Libidonuz düşük, cinsel isteksizliğiniz var, orgazma ulaşmada sorunlar mı yaşıyorsunuz? Kendinizi eşinize karşı tamamen isteksiz mi hissediyorsunuz? Artık çok geç olmadan bu konuda bir şeyler yapmanın zamanı geldi. Fiziksel bir rahatsızlığınız yoksa sorun bilinçaltınızda olabilir.
Kadınların cinsel isteksizliğini tetikleyebilecek 12 sorun
Uzman Klinik Psikolog ve Hipnoz Uzmanı Mehmet Başkak, kadınlarda libidoyu düşüren ve orgazma ulaşmayı engelleyen en temel problemleri şöyle sıralıyor:
- Orgazm olamama, orgazm bozuklukları
- Vajinismus, cinsel ilişkiye girme korkusu ya da ilişkiye dair diğer korkular
- Vajinada ağrı olması, ağrılı ilişki
- Cinsel arzunun travmatik bir geçmişle bilinçaltında baskılanması
- Çiftler arasındaki cinsel ilişkiye dair utangaçlık, hoşlandığı ya da hoşlanmadığı şeyleri söyleyememe, iletişimsizlik
- Cinsellik konusunda eğitimsiz olma…
- Çiftler arasında yıllar içerisinde biriken kırgınlık ve öfkelere bağlı olarak soğukluğun oluşması
- Stres, birtakım psikolojik sorunlar, sağlık sorunları
- Yorgunluk, aşırı iş yükü, ağır ekonomik sorunlar
- İlişkinin monotonlaşması, eşlerin birbirlerine karşı erotik referansı kaybetmeleri
- İlaçların yan etkileri, alkol sorunları
- Vücudunu beğenmeme, eşi tarafından beğenilmediğini düşünme
Libidonuzu düşüren şey ne olabilir?
Uzman Klinik Psikolog ve Hipnoz Uzmanı Mehmet Başkak, “Bir kadında cinsel istek; mahremiyeti etkileyen fiziksel sağlık, duygusal olarak iyi hissetme, deneyimler, inançlar, yaşam tarzı ve mevcut ilişkiler gibi pek çok etkenin karmaşık etkileşimine bağlıdır. Tüm bunların birinde bile sorun varsa cinsel arzuda azalma hatta sıfırlanma görülebilir” diyor. Bu yüzden, öncelikle düşük libidonuzun ve orgazma ulaşma sorununuzun altında yatan nedenleri ortaya çıkarmak gerek.
Kadınların arzularını etkileyen 12 temel problem bulunduğunu belirten Uzman Klinik Psikolog ve Hipnoz Uzmanı Mehmet Başkak, bunların en yaygın olanları hakkında şu bilgileri veriyor.
Kendinizi stresli mi hissediyorsunuz?
Gergin olduğunuzda cinsel ilişkiye giremiyorsanız, merak edecek bir şey yok. Stres seviyenizi daha iyi yönettikçe, tüm şikayetleriniz giderek azalacak hatta sihirli bir şekilde ortadan kaybolacaktır. Stresi azaltma yöntemi olarak dahi cinselliği yaşamak mümkün… Hipnozla rahatlamayı öğrendikçe libidonuz da artacaktır.

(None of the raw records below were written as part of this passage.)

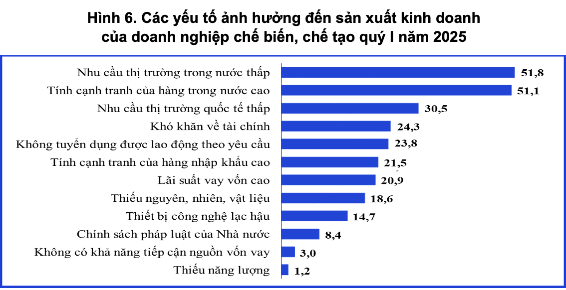 Theo kết quả điều tra xu hướng kinh doanh 6.330 doanh nghiệp ngành công nghiệp chế biến, chế tạo của Cục Thống kê, dự kiến quý II/2025, có 45,8% số doanh nghiệp đánh giá xu hướng sẽ tốt lên so với quý I/2025; 39,2% số doanh nghiệp cho rằng tình hình sản xuất kinh doanh sẽ ổn định và 15,0% số doanh nghiệp dự báo khó khăn hơn.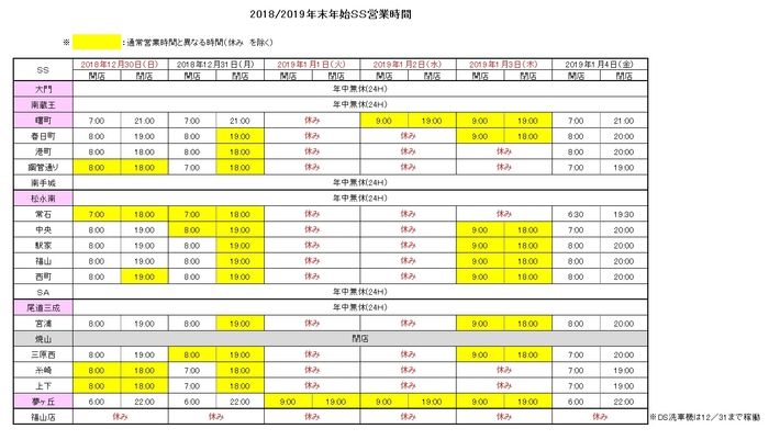 南蔵王SS、大門SS、南手城SS、福山SASS、松永南SS、尾道三成SSは年中無休(24H)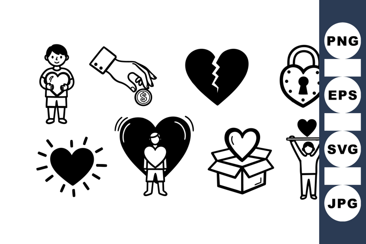 A minimalist black and white icon collection depicting hearts, broken heart, locked heart, and generosity with coin insertion, perfect for digital use and designs.
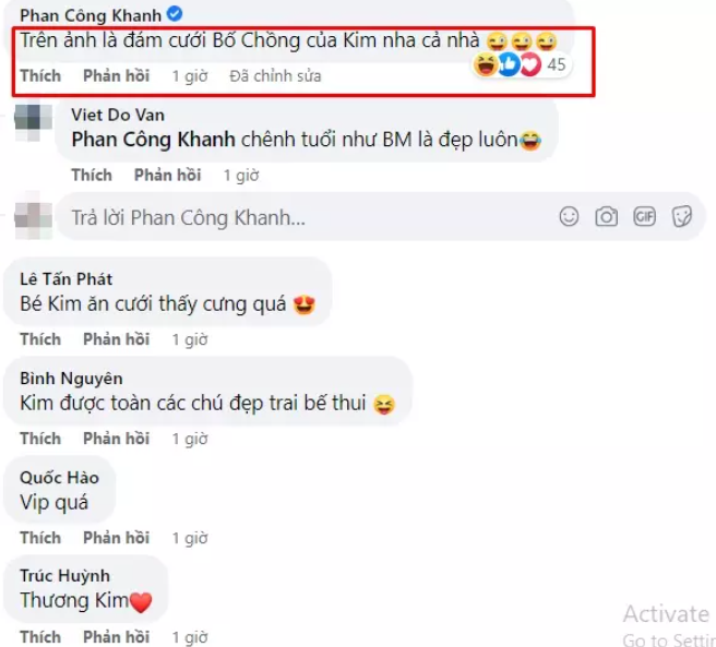 Gây chú ý đặc biệt dưới loạt ảnh cô bé và vợ chồng Dũng "Gôn" là bình luận của Phan Công Khanh. Theo đó, anh công khai cặp đôi chính là bố mẹ chồng của con gái mình.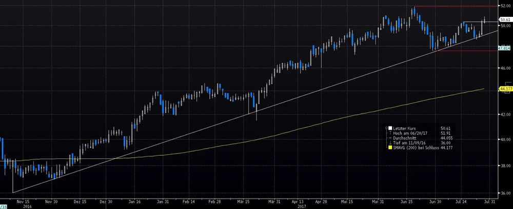 Fuchs Petrolub Vz-Kurs muss nachhaltig über Juli-Hoch bei 50,40€ zum Rekordhoch bei 51,90€. Abs.: Aufwärtsl. bei 49,15, Juni-Tief bei 47,60€
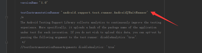 testInstrumentationRunner 'android.support.test.runner.AndroidJUnitRunner'
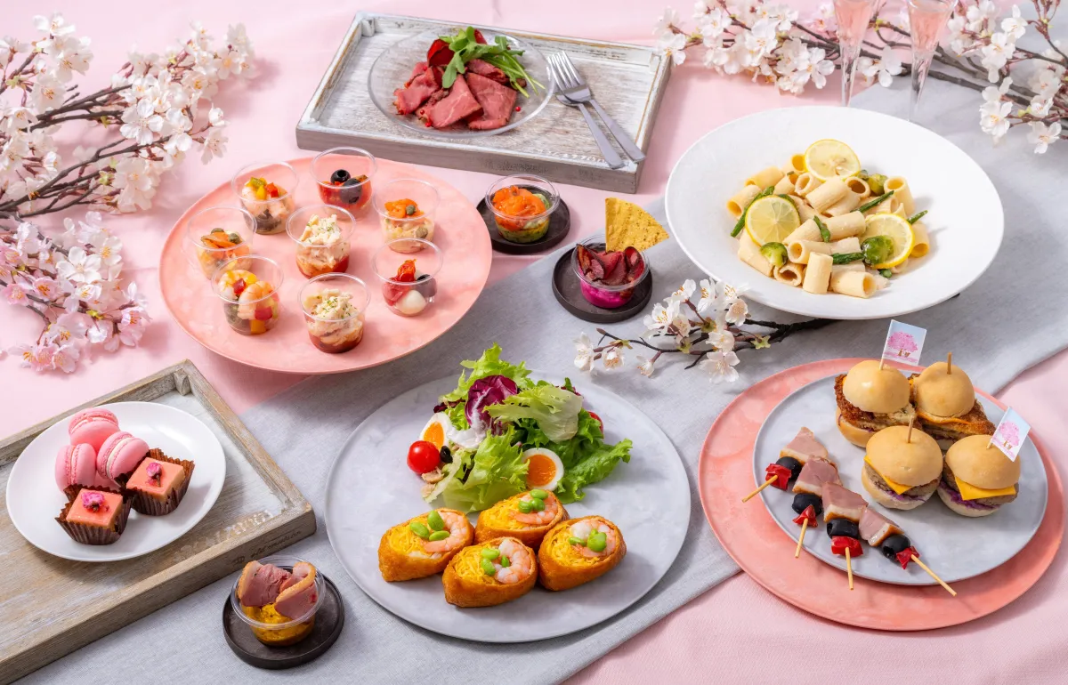 お花見プランでは、視覚的にも楽しめる商品が揃い、桜の塩漬けを使ったフィンガーケーキや、桜風味のマカロンが特徴です。オフィスにいながら花見気分を満喫できるのが魅力です。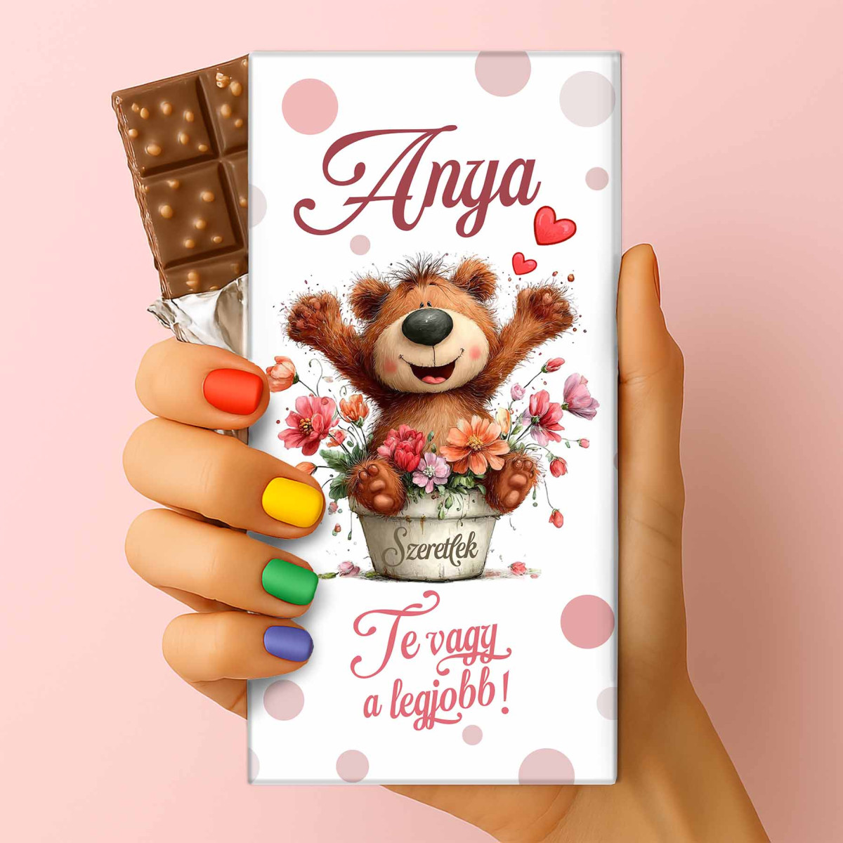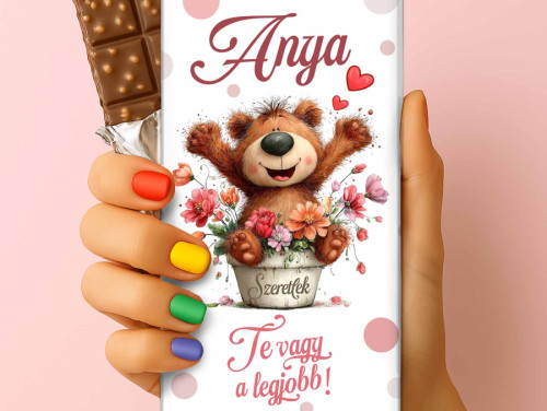 Szeretnéd meglepni Édesanyádat egy apró, de annál kedvesebb figyelmességgel? Ez a 75 grammos feliratos csokoládé garantáltan mosolyt csal az arcára! A vidám, virágkosárban ünneplő macis grafika és a „Te vagy a legjobb!” felirat pontosan azt üzeni, amit minden édesanya szívében érezni szeretne.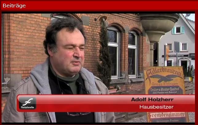 Die Filstalwelle hat die von eislingen-online am Samstag veröffentlichte Aktion des Besitzers des Adlers, Adolf Holzherr, aufgegriffen und heute einen Bericht über den Balkon, den Zaun und den Leserbrief im Fernsehen veröffentlicht. |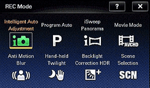Modes. Like almost all touchscreen digital cameras, the Sony TX7 does not have a physical Mode Dial. To change modes, just touch the Mode icon in the lower right corner of the LCD, which opens up a menu of options. Most of the shooting modes are pretty standard for point-and-shoot cameras: iAuto, Program AE, Movie Mode, and Scene Selection. There's also an Easy Mode for even simpler shooting. There are fewer choices (image size, flash, self-timer) than other modes and the on-screen text is larger. However, Sony takes the TX7 a step up with a few additions that utilize technology that you may not find on competing models. These features include iSweep Panorama, Anti-Motion Blur, Hand-held Twilight, and Backlight Correction HDR modes.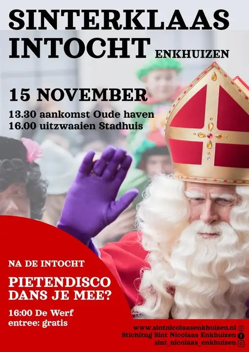 Zaterdag 15 november meert de stoomboot af in de prachtige haven van Enkhuizen. Aan boord Sint Nicolaas met zijn complete pietenlegioen. Zij worden gepast ontvangen op het bordes van het Snouck van Loosenhuis en nemen uitgebreid de tijd om iedereen te verwelkomen. Daarna volgt een feestelijke rondgang door de binnenstad. De optocht eindigt bij het stadhuis aan de Breedstraat.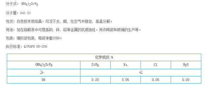 分子式:(NH4)2ZrF6分子量:241.21性狀:白色粉末或結晶。可溶于水 醇 在空氣中穩(wěn)定 高溫分解。用途:加在鉻酸液中可提高鋼 鋅 鉛等金屬的抗腐蝕性。用作陶瓷和玻璃的生產(chǎn)等。...

Basit bir yorgunluk mu yoksa tamamen tükendiniz mi?
Yapacak çok mu işiniz var? Sürekli yoğunluk ve koşuşturma içinde bitkin mi düşüyorsunuz? Sıkıntılar üst üste mi geliyor? Çocukların derdinden akşam uzanır uzanmaz uyuyor musunuz? Bütün bunlar kadınların ruhen çökkün ve yorgun hissetmelerine yol açar ve hazza dayalı gündem bilinçaltında derinlerde kaybolur gider.
Kadınlardaki isteksizlik, düşük lbido, genellikle Tükenmişlik Sendromu ile ilişkilidir. Bütün bu tükenmişlik duygularıyla hazza kendini tamamen kapatmış olma sıkıntısı hipnotik terapi sürecinde düzenlenerek, dişil enerjinizi canlandırabilir ve yaşama sevincinizi hipnoterapi ile artırabilirsiniz.
Cinsel tacize uğradınız mı?
Çocukken ya da yetişkin olarak hiç tacize uğradınız mı? Ya da hala üstesinden gelemediğiniz başka bir travma yaşadınız mı?
Kafanızın içindeki travma ile yaşamak zorunda değilsiniz. Size onu hatırlatan şeyleri uzaklaştırmaya çalışmak zorundasınız. Hipnoz, travmayı geçmişte bırakarak hayatınızı ileri doğru taşıma konusunda size gerçekten yardımcı olunabilir.
Utangaç mısınız?
Sadece utangaçlığınızı yenmekle bile, daha fazla kadın libidosu güçlendiriciye ihtiyaç duymadan libidonuzu artırabilirsiniz.
Kendinizi beğenmiyorsanız, Kendine Güveni Artırmak konulu hipnoz desteği alabilir ve bedeninizin fark etmediğiniz güzel özeliklerini keşfedebilirsiniz.
Mutsuzsanız zevk almazsınız
İlişkinizde mutsuzsanız, eşinizle devam eden sorunlar varsa, cinsel ilişkide bulunmaktan zevk almanız çok da mümkün olmayacaktır. Bu durumda kadın libidosunu güçlendirmek için gösterilen her tür çaba enerji kaybı olacaktır.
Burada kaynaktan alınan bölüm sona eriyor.